Students and most apprentices receive effective careers advice and guidance from teachers and staff.

Students are very clear on how to prepare for and access their career of choice. Students who are first-generation university applicants are very well-prepared for progression to higher-level study. Consequently, a very high proportion of students progress into positive destinations, including higher education and further training.

However, a small number of apprentices do not receive effective careers advice. As a result, they do not understand what wider careers are available on completion of their current apprenticeship.

Staff provide extremely good pastoral and academic support for students.

Students highly value and respect the support that they receive and credit staff with helping to transform their lives. They have the opportunity to achieve nationally recognised awards, such as apprentice of the year. Teachers and staff continually monitor students' welfare so that issues are dealt with swiftly to ensure that students stay in learning.

As a result, students have very positive attitudes to learning and understand why it is important to develop their social skills as well as gaining qualifications.Students benefit from good individual support when coping with external pressures that may cause them anxiety. Teachers tackle the poor attendance of these students very well.

Staff help students get back on track swiftly if they have fallen behind with their assignment work.
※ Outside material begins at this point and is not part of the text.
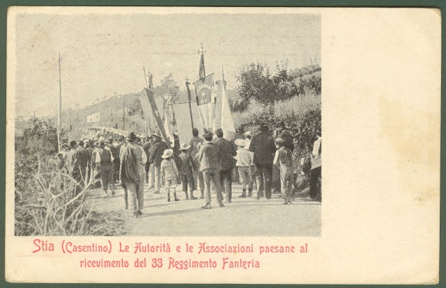 Stia (Arezzo). "Stia (Casentino) Le Autorità e le Associazioni paesane al ricevimento del 33 Regg. Fanteria". Cartolina d'epoca non viaggiata, inizio '900, buona conservazione. (Rif.B4193)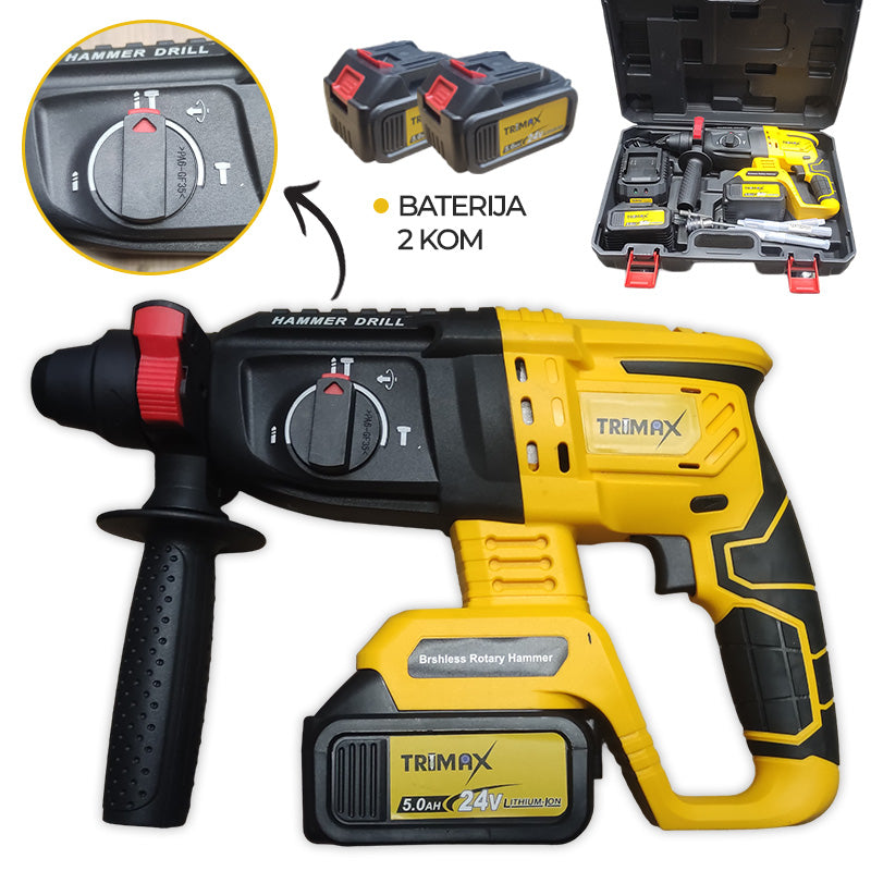 - Tri načina rada: TRIMAX udarni čekić dolazi s tri prilagodljiva načina rada: način bušenja za precizno bušenje u željezu ili drvu, način rada čekića za klesanje i lomljenje materijala te način bušenja s čekićem za bušenje čvrstih površina poput kamena.

Students who may be struggling in their personal life are carefully supported by staff to return to learning and improve their attendance.As a result, students feel safe and welcomed and are well supported to re-engage in learning.

Leaders have created well-being spaces and learning environments that develop and support students' and members of staff's well-being extremely well. Leaders and staff have created an inclusive environment that promotes reflection and a better sense of personal well-being. For example, a well-being garden provides a space where students can access support from staff and can sit in peace and quiet.

As a result, students learn how to cope with stressful situations and develop greater resilience to manage their learning.

Teachers and pastoral staff make very effective use of topical events to develop students' awareness of issues that may impact on them. They teach students about topical current affairs to develop students' awareness of the wider world.

Tutors, for example, adapted learning plans to develop students' understanding of the current conflict in Ukraine. This helps students to recognise reliable sources of evidence so that they can develop a balanced view of such events. As a result, students become more active citizens and often get involved in helping their local communities.


The arrangements for safeguarding are effective.

Senior leaders have created a positive culture of safeguarding. They have very effective working arrangements with an extensive range of external safeguarding organisations.

Leaders and the local authority have designated the college as a centre where 'hate crimes' can be safely reported. Members of the public can report to college staff concerns regarding hate crimes that they witness, which ensures that appropriate follow-up actions will be taken.

Staff and students have a sound understanding of local risks, such as 'Incel' activity and drink spiking.

Students develop a good knowledge of topics such as healthy consent and sexual harassment. External speakers help students to improve their understanding of the potential impact on their own health and well-being should they find themselves in difficult situations. As a result, students know how to stay safe and, importantly, to recognise others who may be at risk and respond appropriately.